第4章 種を滅ぼすものたち 12

 新年を控えた冬の最中、特に合図も挨拶も無しに観測所は静かに活動を開始した。


 学者5名。従者2名。

 翻訳者40名。

 使用人30名。


 総勢77名の大所帯である。


 先に観測所で働き始めた使用人たちと契約魔法を使い、その後、観測所に入ってきた者から順に契約を済ませていった。

 いやあ、本当に面倒でしたね。


 部屋割りでも揉めたけれど、一々希望なんか聞いてられないので、先着順に優先権を与えた。
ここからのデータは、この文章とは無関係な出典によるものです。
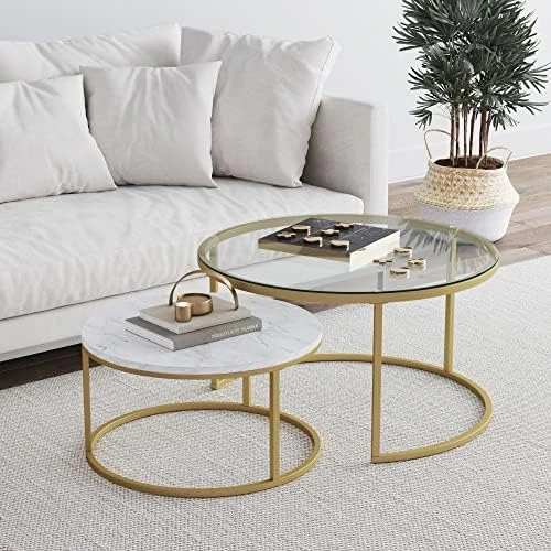 - Use the Stella nesting metal coffee tables separately or stack them together if needing more walking space in your living room when guests come over.
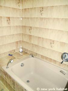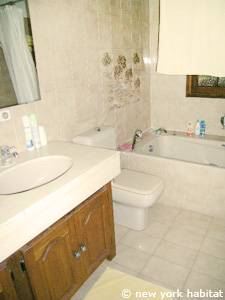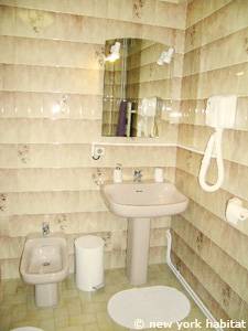 - Das Jasmin-Zimmer (Schlafzimmer 2) befindet sich auf der Rückseite des Hauses, im westlichen Teil der Pension. Dieses Zimmer ist mit einem Doppelbett und einem Klavier eingerichtet. Es gibt einen Minikühlschrank, einen großen Schrank und zwei Fenster. Über dem Hauptraum dieses Schlafzimmers befindet sich ein kleines Zwischengeschoss. Zusätzlich zum Hauptbett verfügt dieses Schlafzimmer über ein Futonbett in Doppelgröße und ein Einzelbett. Das eigene Badezimmer bietet eine Duschkabine sowie ein Waschbecken mit Spiegel.
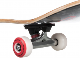 Skateboard komplet od značky Quiksilver, model Flaming - kvalitní deska lepená ze 7-mi vrstvého javoru, komplet určen na street ježdění. Skateboard je osazen na polyuretanových kolečkách od značky Quiksilver o velikosti 53 mm a tvrdosti 99A. Ložiska jsou ABEC 9 (608 2RS). Podvozky (trucky) jsou od značky Quiksilver o rozměru 5.25 palců. Samozřejmostí je předem nalepen grip na vrchní straně skateboardu.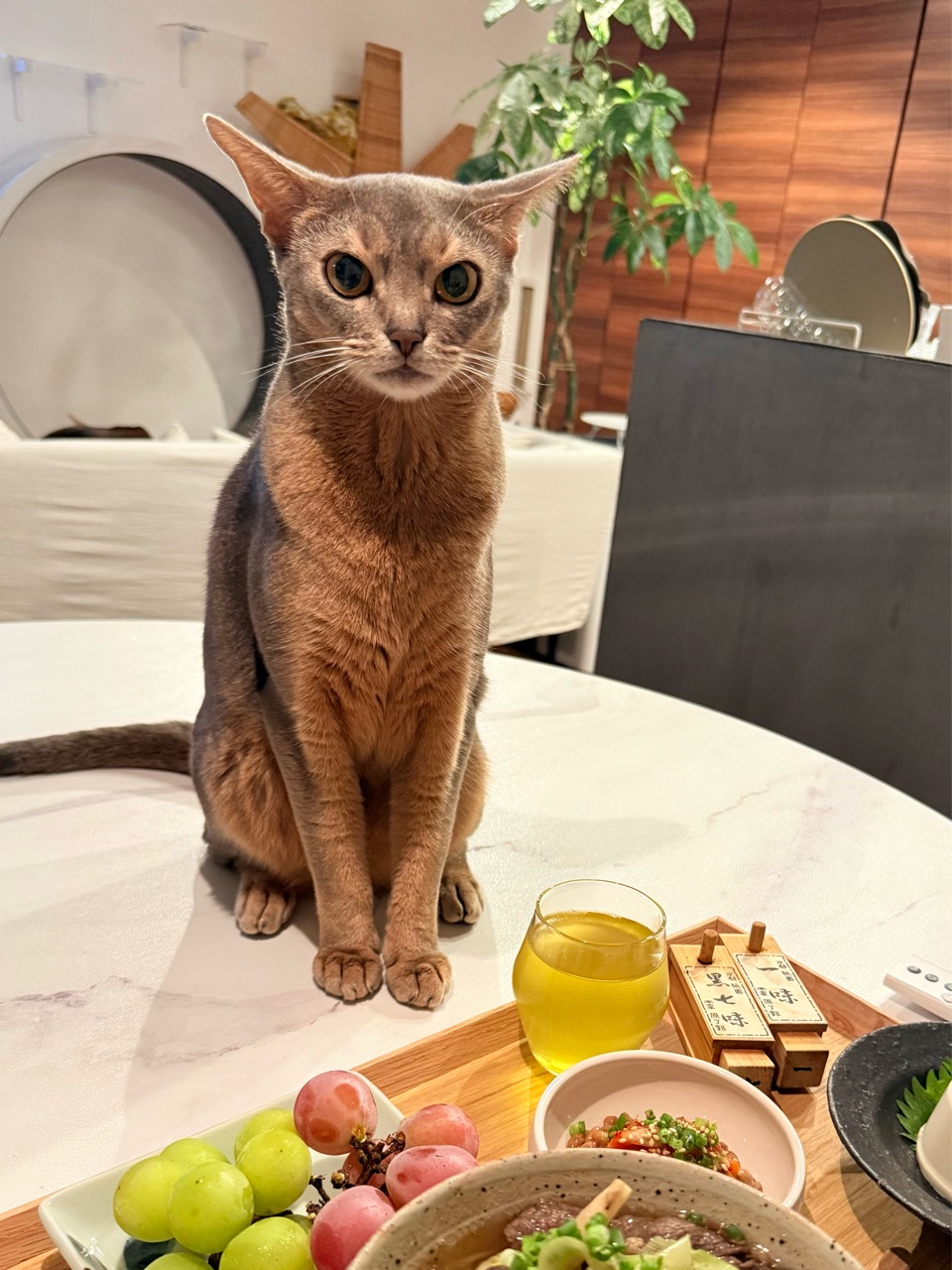 あっちかへ、こっちへ、移動してお肉くれ圧をかけてくる。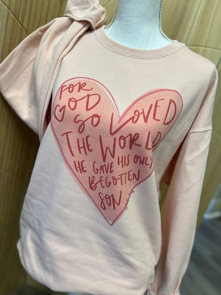 John 3:16 Heart Sweatshirt – Sublimated on Jerzees Blush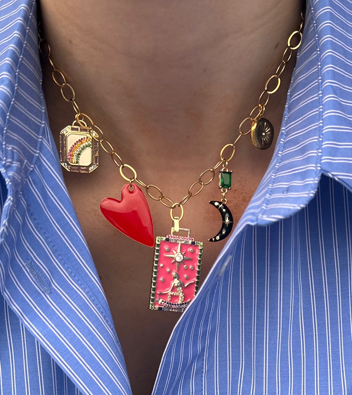 De Blair Necklace is een uniek sieraad dat bestaat uit stevige, opvallende schakels en prachtige bedels. Wat deze ketting echt bijzonder maakt, is het feit dat elk exemplaar uniek is. Elke ketting kan op maat worden gemaakt, waardoor je de mogelijkheid hebt om de bedels en andere elementen aan te passen, zodat jouw ketting volledig aan jouw persoonlijke smaak en stijl voldoet. Hierdoor krijg je een prachtig sieraad.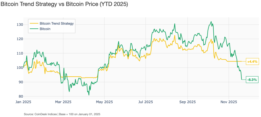 Speaking of trend, it is turning out to be a savior of 2025 performance. Our Bitcoin Trend Indicator (BTI), launched in March 2023, uses a quartet of moving average crossover signals to indicate the presence and strength of trend in the price of bitcoin. It has indicated “Significant Downtrend” for 24 days. Our clients have implemented several strategies based on BTI to allocate to — and away — from bitcoin. The YTD performance of one of those appears below.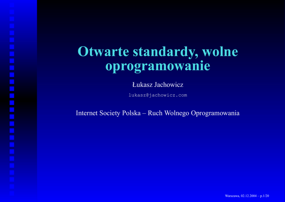 Otwarte standardy, wolne oprogramowanie Łukasz Jachowicz [email protected] Internet Society Polska – Ruch Wolnego Oprogramowania Warszawa, 02.12.2004 – p.1/20 Zamierzchła przeszłość • Każdy producent miał własny system • Zmiana komputera oznaczała zmian˛e oprogramowania • Brak możliwości współpracy różnych maszyn Warszawa, 02.12.2004 – p.2/20 Minione dekady • Poczatki ˛ sieci lokalnych • Walka standardów • NetWare IPX, Appleshare, SMB, TCP/IP itd Warszawa, 02.12.2004 – p.3/20 Dziś • Jedna sieć, jeden standard • Poczta, WWW, SQL, FTP, ASCII • Problemy z nowymi usługami Instant Messaging: GG, ICQ, MSN... Projekty nowych protokołów pocztowych Skype Warszawa, 02.12.2004 – p.4/20 Nie tylko sieć • Pliki graficzne - standaryzacja • Multimedia - cz˛eściowa standaryzacja • Tekst - brak wspólnego standardu • Mieszane dokumenty Warszawa, 02.12.2004 – p.5/20 Po co nam otwarte standardy? • Żeby wiedzieć, jak działać • Żeby si˛e komunikować • Żeby mieć dost˛ep do własnych dokumentów • Żeby nie być przywiazanym ˛ do jednego producenta • Żeby nie było przymusu kupowania PC Warszawa, 02.12.2004 – p.6/20 Cztery podstawowe wolności • Wolność uruchamiania • Wolność badania działania • Wolność dystrybucji • Wolność poprawiania i rozpowszechniania poprawek Warszawa, 02.12.2004 – p.7/20 Co za tym idzie? • Wolność wymiany pomysłów i wiedzy • Neutralność technologiczna, koniec wymuszania stosowania określonych produktów określonych producentów • Brak dyskryminacji, równe szanse w dost˛epie do rynku i do informacji • Rozwój lokalnej informatyki • Pieniadze ˛ sa˛ wydawane lokalnie Warszawa, 02.12.2004 – p.8/20 Wolne oprogramowanie • Czym wi˛ec jest wolne oprogramowanie? • Popularność • Opłacalność • Ale po co komu kod źródłowy? Warszawa, 02.12.2004 – p.9/20 Korzyści • Stabilne, dobrej jakości oprogramowanie, o dużych możliwościach • Korzyści ekonomiczne • Walory edukacyjne • Bezpieczeństwo Warszawa, 02.12.2004 – p.10/20 Korzyści dla przedsi˛ebiorców • Bezpieczeństwo • Elastyczność • Niezależność • Oszcz˛edność • Zaufanie Warszawa, 02.12.2004 – p.11/20 Korzyści dla edukacji • Wartość edukacyjna kodu źródłowego • Uczniowie moga˛ korzystać z tych samych programów w domu i szkole — eliminacja problemu piractwa • Pozytywny wpływ na rozwój ducha współpracy wśród uczniów • Znaczne oszcz˛edności Warszawa, 02.12.2004 – p.12/20 Korzyści dla producentów • • • • • • • Wysokiej klasy narz˛edzia programistyczne Możliwość korzystania z gotowych elementów Brak ograniczeń narzucanych przez system Wolna konkurencja Oszcz˛edność Zaufanie użytkowników Marketingowa przewaga nad zamkni˛etym konkurentem Warszawa, 02.12.2004 – p.13/20 Przykłady oprogramowania W sieci można znaleźć dziesiatki ˛ (setki?) tysi˛ecy programów. Wśród najważniejszych sa: ˛ Linux, BSD – systemy operacyjne OpenOffice.org – pakiet biurowy, zgodny z MS Office GIMP – program graficzny Mozilla – przegladarka ˛ WWW, klient poczty LATEX – profesjonalny system składu tekstu wiele, wiele innych – W chwili tworzenia prezentacji mialem pod r˛eka˛ 20’290 pakietów przygotowanych do instalacji jednym ruchem myszki. W sieci jest ich kilkukrotnie wi˛ecej. Warszawa, 02.12.2004 – p.14/20 Polskie projekty i osiagni˛ ˛ ecia Dystrybucje Linuksa to pot˛eżne projekty majace ˛ na celu przygotowanie gotowych do instalacji środowisk zawierajacych ˛ całe potrzebne oprogramowanie. W Polsce powstało kilkanaście dystrybucji, trzy najwi˛eksze to: PLD – Polska dystrybucja Linuksa, robiona siłami ochotników, znana na całym świecie. Aurox – Komercyjna dystrybucja, zdobywajaca ˛ coraz wi˛eksza˛ popularność w Europie. OpenBIZ – Dystrybucja Linuksa przeznaczona dla użytkowników biznesowych. Projekt komercyjny. Warszawa, 02.12.2004 – p.15/20 Główne wdrożenia • organizacje pozarzadowe ˛ • Sejm i Senat • Straż Graniczna • banki • Elektrownia "Bełchatów" • tysiace ˛ innych. . . Warszawa, 02.12.2004 – p.16/20 Z ostatniej chwili • • • • • • • Open Forum Europe zaleca UE otwarty standard dokumentów Akcja legalizacyjna Novella Parlament wenezuelski - debata o WO w administracji Pekin Monachium Dresdner Kleinwort Wasserstein Finlandia Warszawa, 02.12.2004 – p.17/20 Polskie organizacje W kraju działa (i zgodnie współpracuje) kilka dużych organizacji. • Ruch Wolnego Oprogramowania (sekcja ISOC Poland) • Polska Grupa Użytkowników Linuksa • Grupa Użytkowników Systemu TEX Warszawa, 02.12.2004 – p.18/20 Wi˛ecej informacji • • • • • • http://www.gnu.org/ http://www.opensource.org/ http://www.isoc.org.pl/ http://www.rwo.pl/ http://www.pld-linux.org/ http://7thGuard.net/ Warszawa, 02.12.2004 – p.19/20 Kontakt Łukasz Jachowicz <[email protected]> Niniejsza prezentacja została przygotowana przy użyciu wyłacznie ˛ wolnego oprogramowania. Można ja˛ odtworzyć na każdym współczesnym komputerze - od PDA, poprzez maszyny biurkowe i superkomputery, na starych Amigach kończac. ˛ Warszawa, 02.12.2004 – p.20/20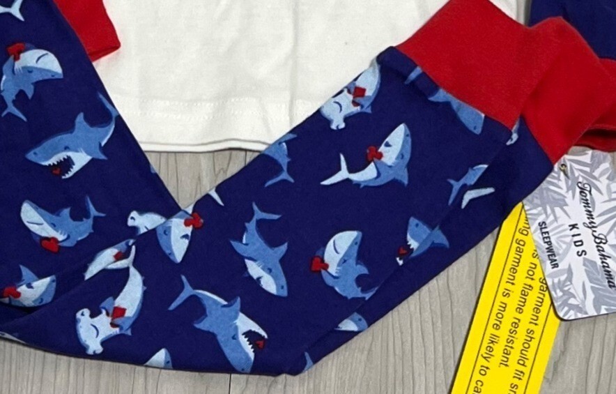 Tommy Bahama Kids 3T NWT Valentine You're Jawsome Shark PJs pajama set red blue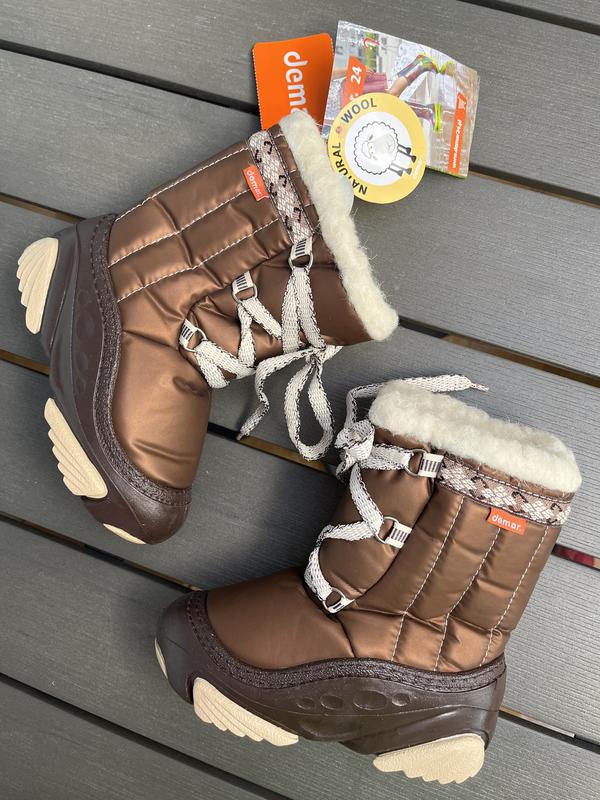 Зимние сапожки Demar, внутри натуральная овечья шерсть, очень теплые, выдерживают морозы до -20 Размер по сетке: 20/21 размер - 13,5 см 26/27 размер - 17 см Рекомендуемый запас для зимней обуви 1-1,5 см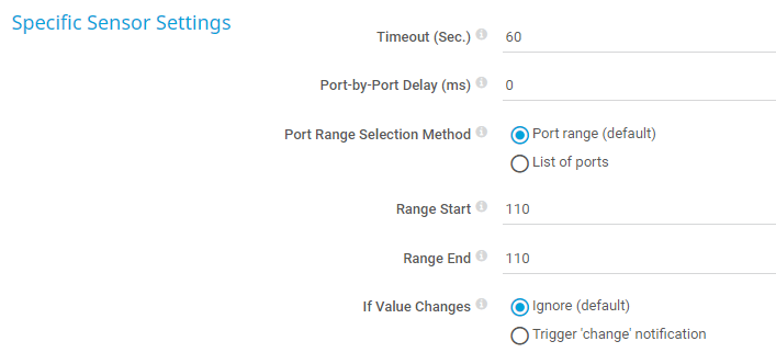 The Port Range sensor monitors a network service by connecting to various TCP/IP ports. It tries to connect to the specified TCP/IP port numbers of a device in succession and waits for the device to accept each request.

 結果として、むしろ時間には遅れてくるものだろうと言った思考を持つ貴族出身者が軒並み、残った部屋を与えられるということになったのはちょっと面白い。ここでは身分は一切関係ないと最初に伝えてあるので、遅れてきたほうが悪いのだ。


 最初の何日かは共同生活が上手く行くかを様子見していた。

 実際に人を入れてみないと分からないことってあるもんね。


 食堂に常に料理が用意されていて、好きなときに好きなだけ食べていいという仕組みは歓迎されたが、使用人も同様に食事をするということに拒絶反応を示した人は思っていたより多く、そういう人には食堂以外に持ち出して食べてもらうことにする。


 身分は関係ないって言っても使用人は別と考えちゃうんだろうか。その人たち雇ってるの俺だからね。


 あと常にとは言っても夜中は無いじゃないか、というクレームもいただいた。流石に使用人を夜中に働かせるわけにはいかないので、何か置いておけるような軽食を夕食時間後に作り置きしておくことになった。


 使用人に対して個人的な要望に基づいて命令をするような人も少なくない。これについては拒否するように教育してある。観測所において使用人の役割は調理、掃除、洗濯など、生活環境を整えることだけであって、貴族が好きに扱える人形ひとがたではないのだ。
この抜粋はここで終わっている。